Under Ground 2 the Appellant stated that s35(C)(2)(e) of the Medical Act 1983 focussed on the substance of the determination and therefore must be referential to the “relevant events” leading to the finding of “impaired fitness to practise”. She argued that her misconduct (her invoicing in August 2007) solely was caught by the term “relevant events” and the Five Year Rule.
Rafferty LJ also rejected this submission. As the Appellant conceded, “in conviction cases ‘events’ must include the conviction”. The most recent event, likewise, is to be taken to occur on the date the professional body made its findings.
Once more assessing the argument from the other perspective, Rafferty LJ noted that “another regulator’s tardiness in determining allegations” could result in the GMC remaining ignorant of proceedings abroad for a considerable time. If the Appellant’s argument was to be validated, it would mean that in her case, the “GMC was precluded from considering the matter absent reliance on exceptional circumstances”. Again, this was not accepted by Rafferty LJ and the appeal on this ground was also dismissed. Ryder LJ and Sir Ernest Ryder SP both assented to Rafferty LJ’s judgment.

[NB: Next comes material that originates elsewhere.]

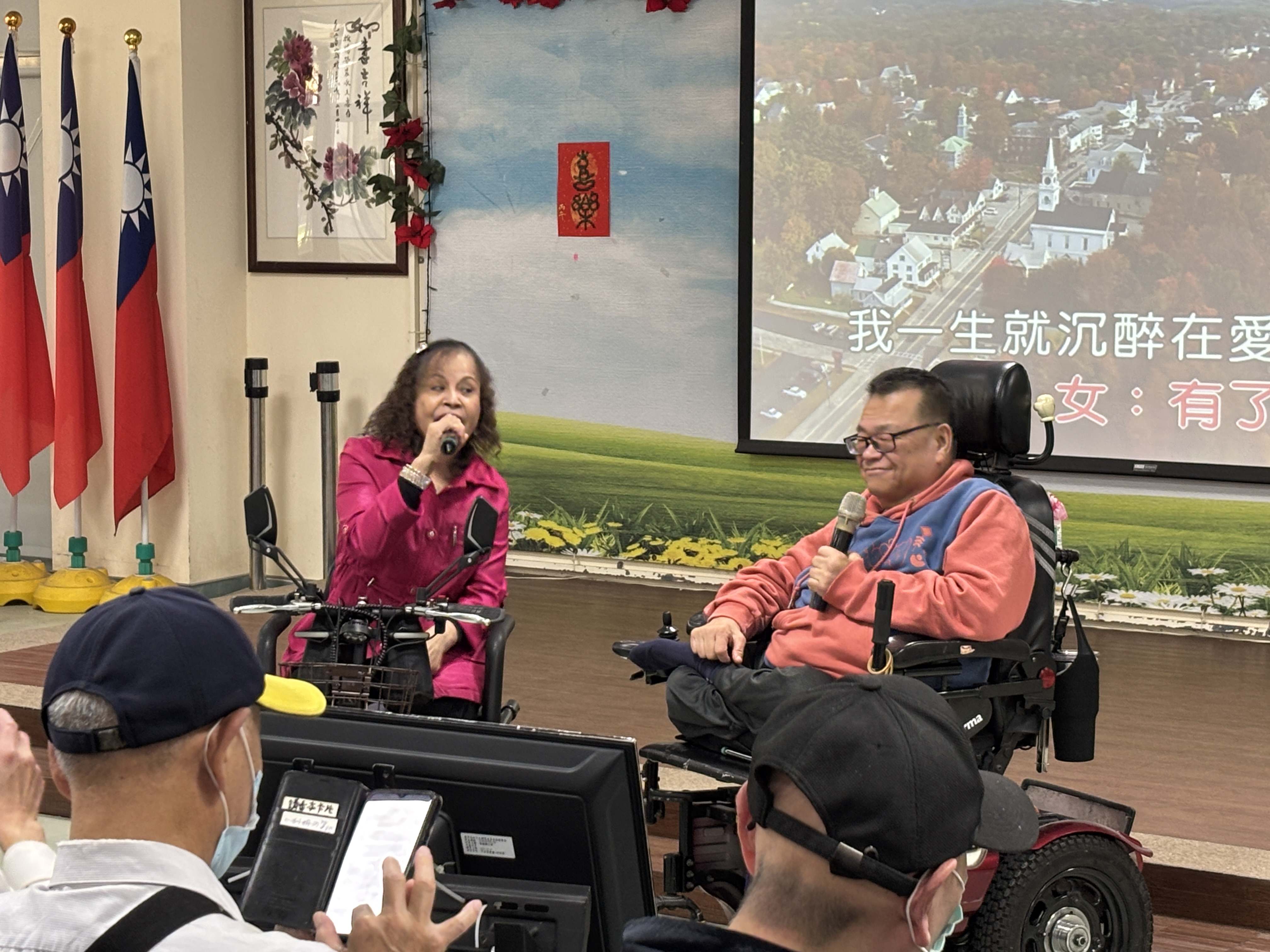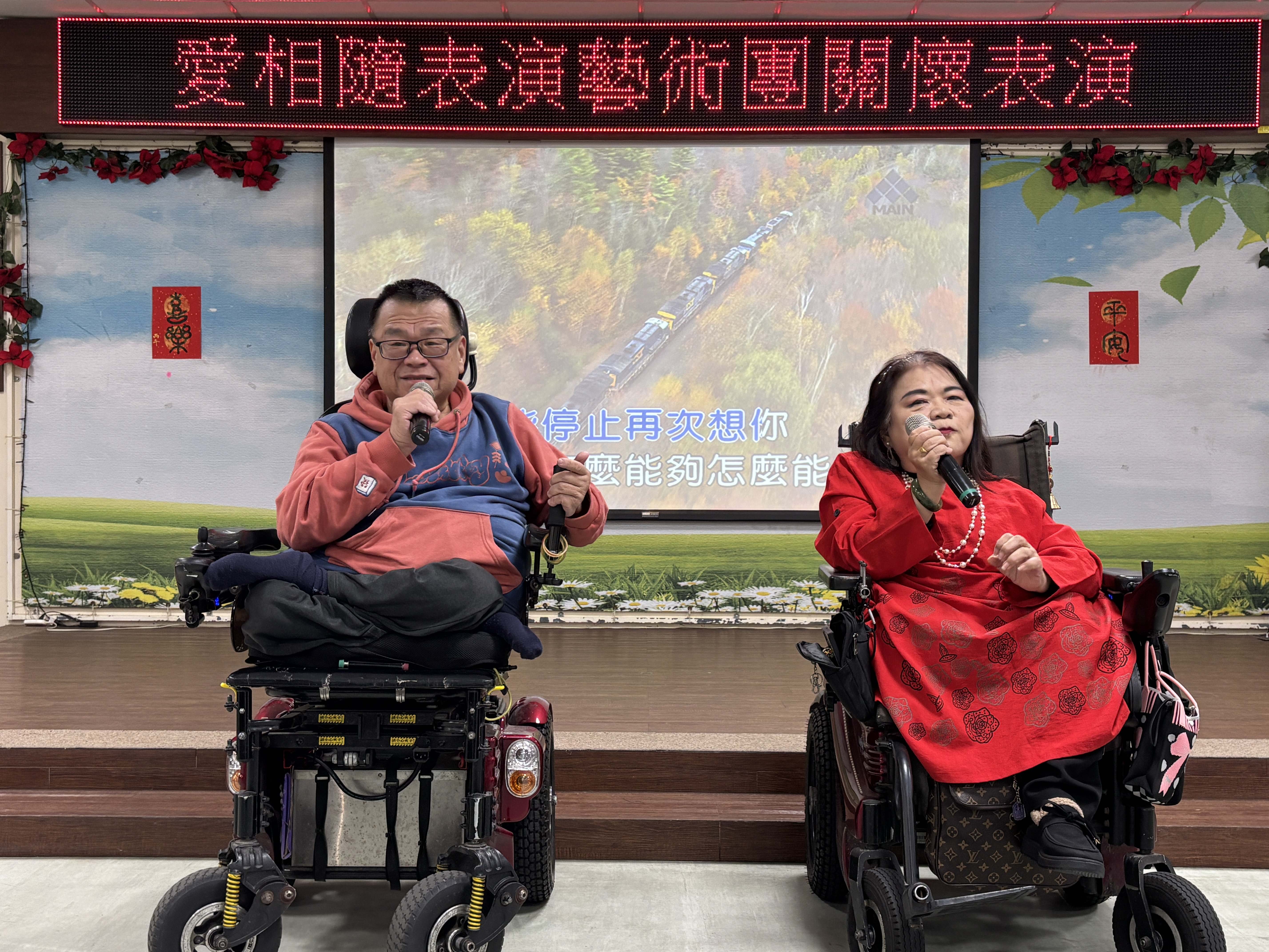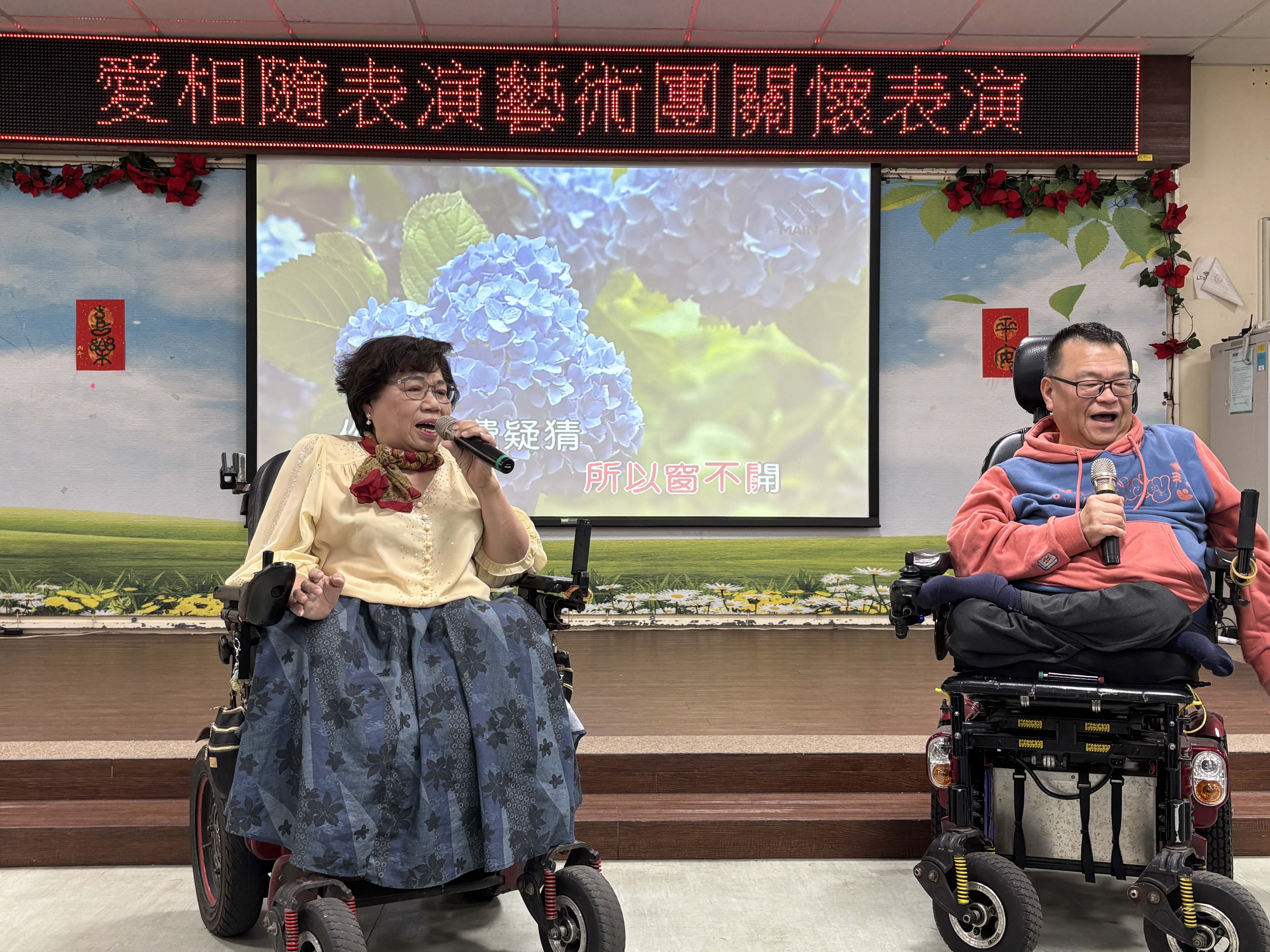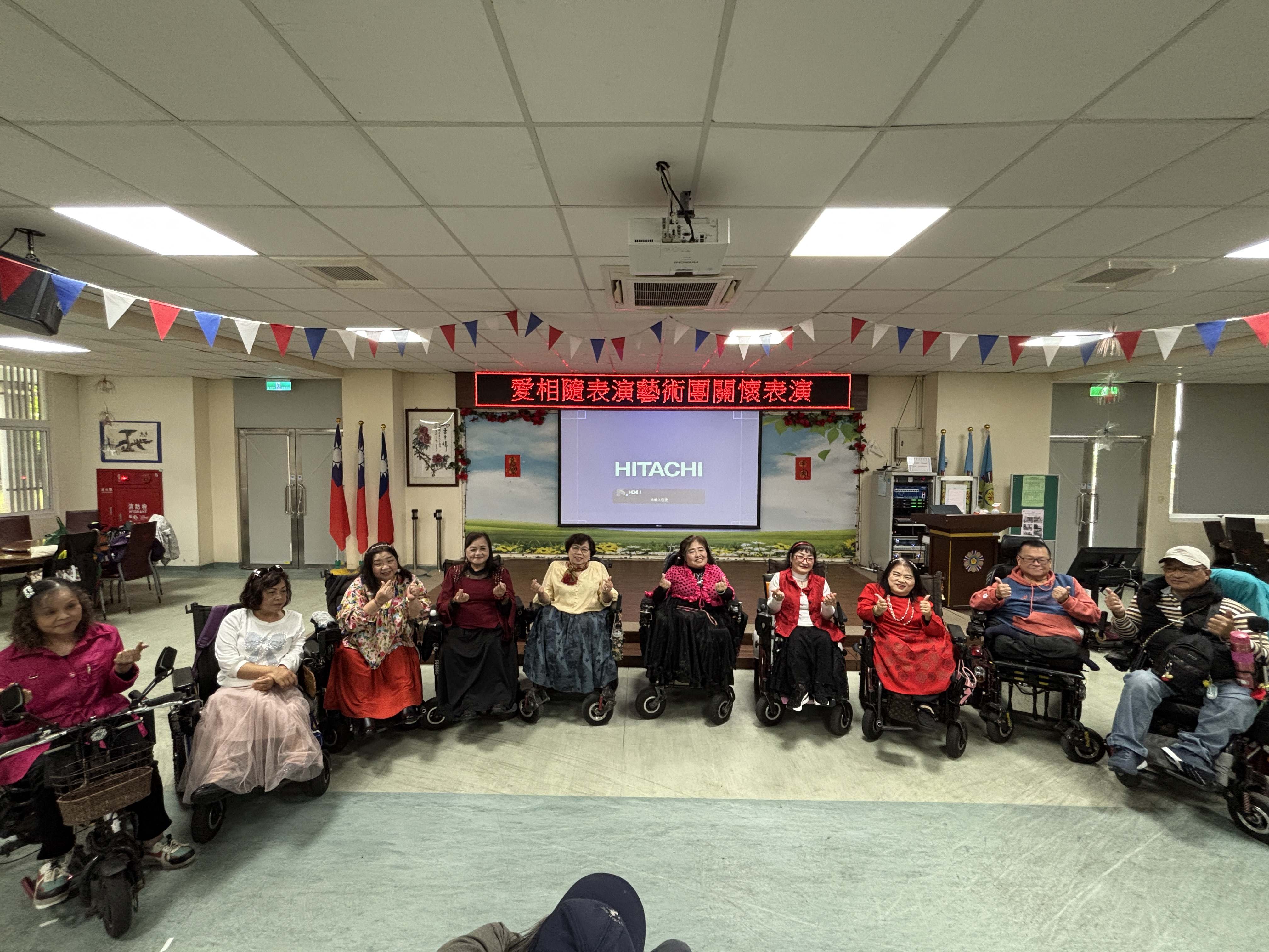 板橋榮家迎來一場充滿生命韌性的音樂饗宴,由「愛相隨表演藝術團」蘇團長帶領,他們是一群熱愛唱歌的身障人士,儘管行動不便,團員們仍克服萬難,搭乘大眾運輸工具、操控著電動輪椅來到榮家,用一首首經典老歌與榮家長輩共度溫馨午后,其「為愛出發」的精神令在場長輩深受感佩。 相關照片
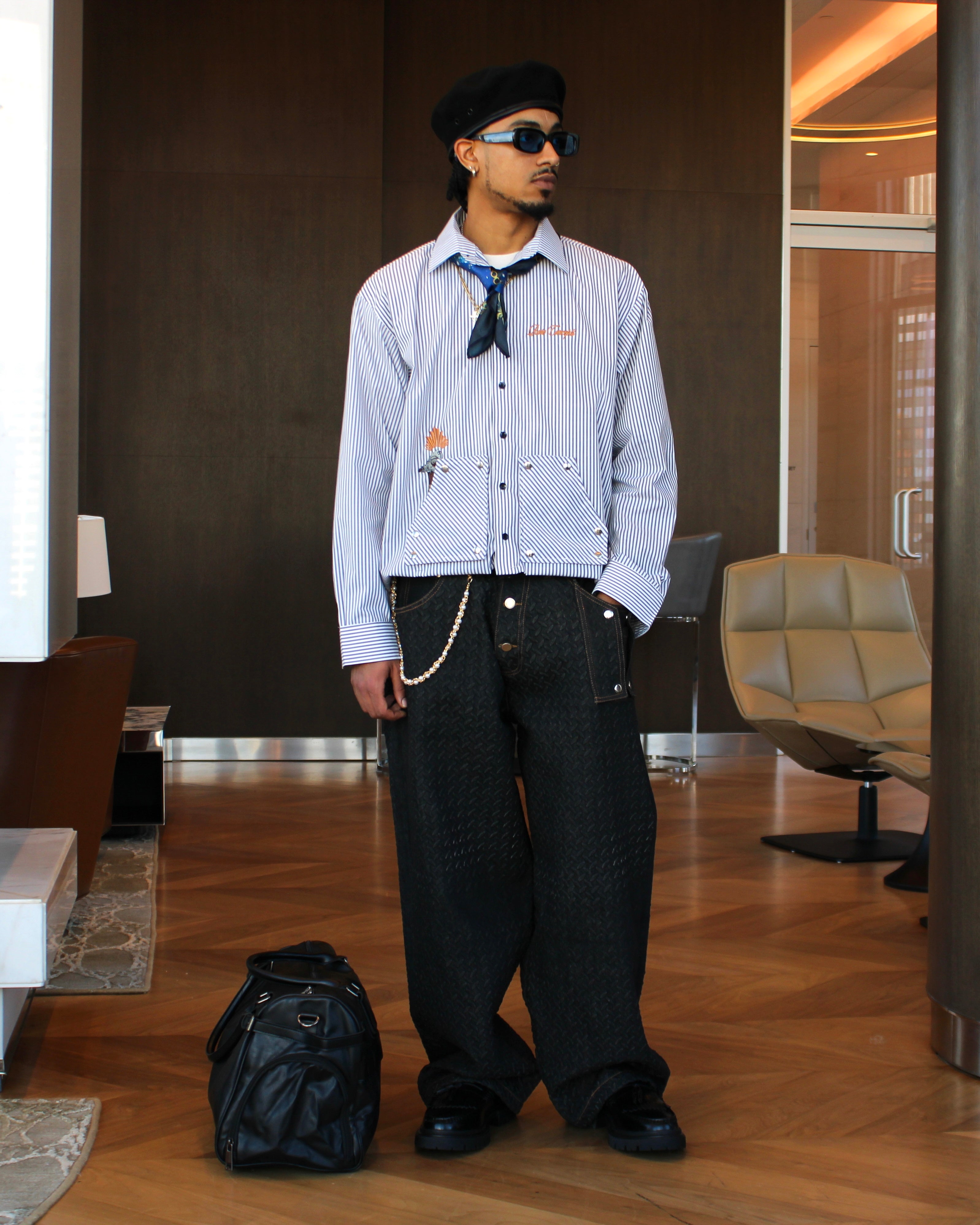 MODEL, EMMANUEL CANO-GARROWAY IN OUR BUTTON-UP AND DENIM

This case illustrates the importance of candour and openness. It is important that doctors in the UK are aware of their obligations to notify the GMC of adverse findings in accordance with paragraph 75 of the most recent GMP guidance. If under any doubt, it is advisable that specialist advice is sought to help manage this process and engage with the regulator. The Appellant’s arguments involved “semi-sophisticated legal language as to orders”. However, in keeping with the theme of upholding candour, the judge favoured a plainer reading of the relevant legislation and a common-sense approach in considering the consequences of applying the Appellant’s interpretations of the rules.